Spinoza. Une éthique de la joie

Le bien n’est pas une valeur surplombante qui permettrait de juger nos actes. Il est le bon, ce qui nous procure de la joie. Tel est le scandale de la philosophie de Spinoza qui offre non pas une morale du devoir mais une éthique de la joie.

« La connaissance du bien et du mal n’est rien d’autre que l’affect de joie ou de tristesse, en tant que nous en sommes conscients », affirme Baruch Spinoza dans son ouvrage principal, L’Éthique. À bien y réfléchir, le scandale de la philosophie spinoziste est tout entier dans ces quelques mots : que le bien nous procure de la joie, et le mal de la tristesse, soit ; mais qu’ils ne soient « rien d’autre » que cela, peut-on véritablement le soutenir ? Un meurtrier réjoui par son crime a-t-il bien agi ? Un homme attristé de risquer sa vie pour défendre son pays se comporte-t-il mal ? Oui, à chaque fois, oui, répond Spinoza. La joie et la tristesse sont le critère ultime du bien et du mal.

 

La puissance de persévérer en notre être


 Mais alors, s’il n’y a pas d’autre moyen de juger moralement une chose que d’être conscient de la joie ou de la tristesse qu’elle nous procure, on tombe dans le pur relativisme des valeurs : sur quoi fonder une éthique, comme y prétend Spinoza, si le seul socle du bien et du mal est le sable bien mouvant des sentiments de joie et de tristesse ?
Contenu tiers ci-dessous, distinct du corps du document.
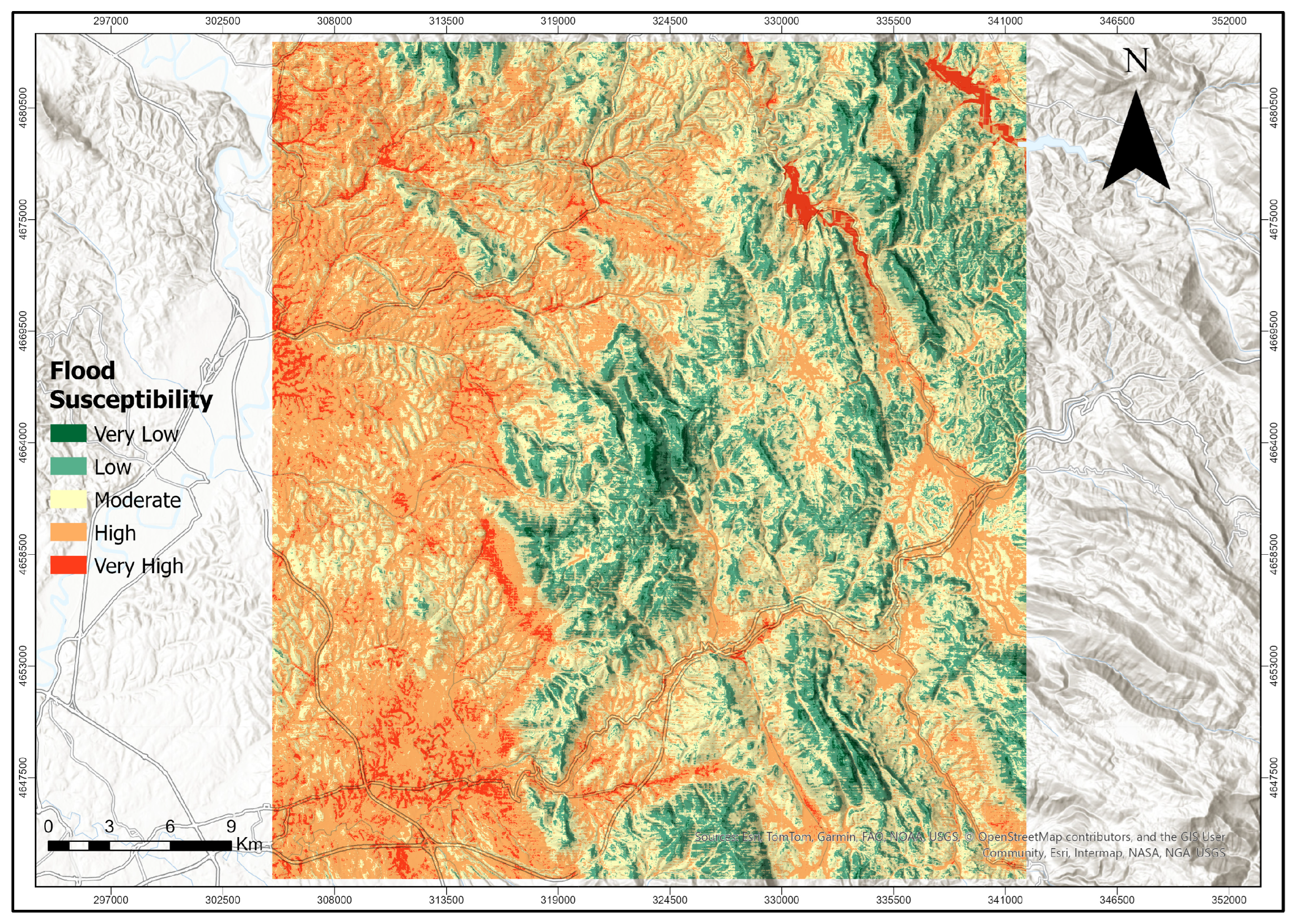 - Pradhan, B. Flood susceptible mapping and risk area delineation using logistic regression, GIS and remote sensing. J. Spat. Hydrol. 2010, 9, 4. Available online: https://scholarsarchive.byu.edu/josh/vol9/iss2/4 (accessed on 15 July 2025).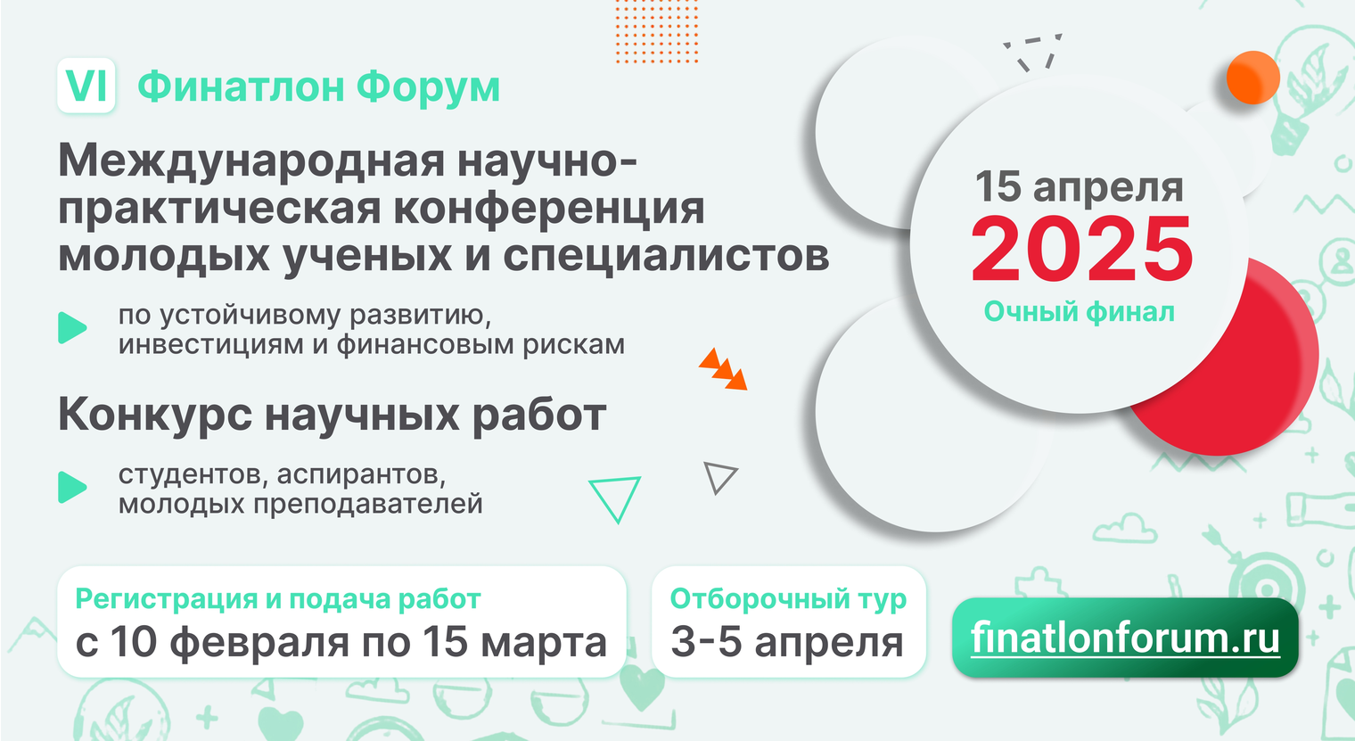 По 15 марта 2025 г. открыта регистрация и сбор научных работ студентов, аспирантов, молодых преподавателей возрасте до 35 лет для участия в дистанционном отборочном туре VI Финатлон форума – международной научно-практической конференции молодых ученых и специалистов по устойчивому развитию, инвестициям и финансовым рискам, которая пройдет в Москве 15 апреля 2025 г.

Ne nous indignons donc pas trop vite, et tentons de comprendre. Pourquoi Spinoza ne conçoit-il comme norme du bien et du mal que les seuls sentiments de joie et de tristesse ? Fondamentalement parce que la morale ne saurait aller à l’encontre même de la vie ; ce pourquoi elle est une éthique d’ailleurs : une éthique de la joie avant d’être une morale du devoir. La vie, selon Spinoza, est la puissance même de la Nature, dont l’homme est une partie : son être est donc constitué par une puissance de penser et de se mouvoir, une puissance d’agir, par l’esprit et par le corps. Or la joie n’est autre que l’augmentation de cette puissance d’agir, l’accroissement de cette vie en nous (la tristesse est sa diminution). Le bien n’est donc pas une valeur qui transcende la vie, et permet de la juger : il n’est autre que ce qui est bon, ce qui nous donne la puissance de persévérer en notre être. Est-ce à dire que Spinoza en finit avec l’idée d’un Dieu source de toutes nos valeurs morales ? Oui et non : Dieu ne saurait être l’origine de nos valeurs si on entend par là un créateur surplombant sa création, ainsi qu’un juge récompensant les bons et châtiant les méchants. Il ne s’agit là que d’une vision anthropomorphique de Dieu, qu’exploite la superstition lorsqu’elle cherche à asseoir son pouvoir sur la crainte de l’invisible. Dieu, bien compris, n’est autre en effet que la Nature même, considérée en son absolue infinité : Deus sive Natura, affirme Spinoza (Dieu, c’est-à-dire la Nature). Dieu ne prescrit donc aucune finalité, ni à la Nature ni aux hommes : il est seulement – mais c’est beaucoup ! – la cause immanente de toutes choses, qui existent en lui, et par lui.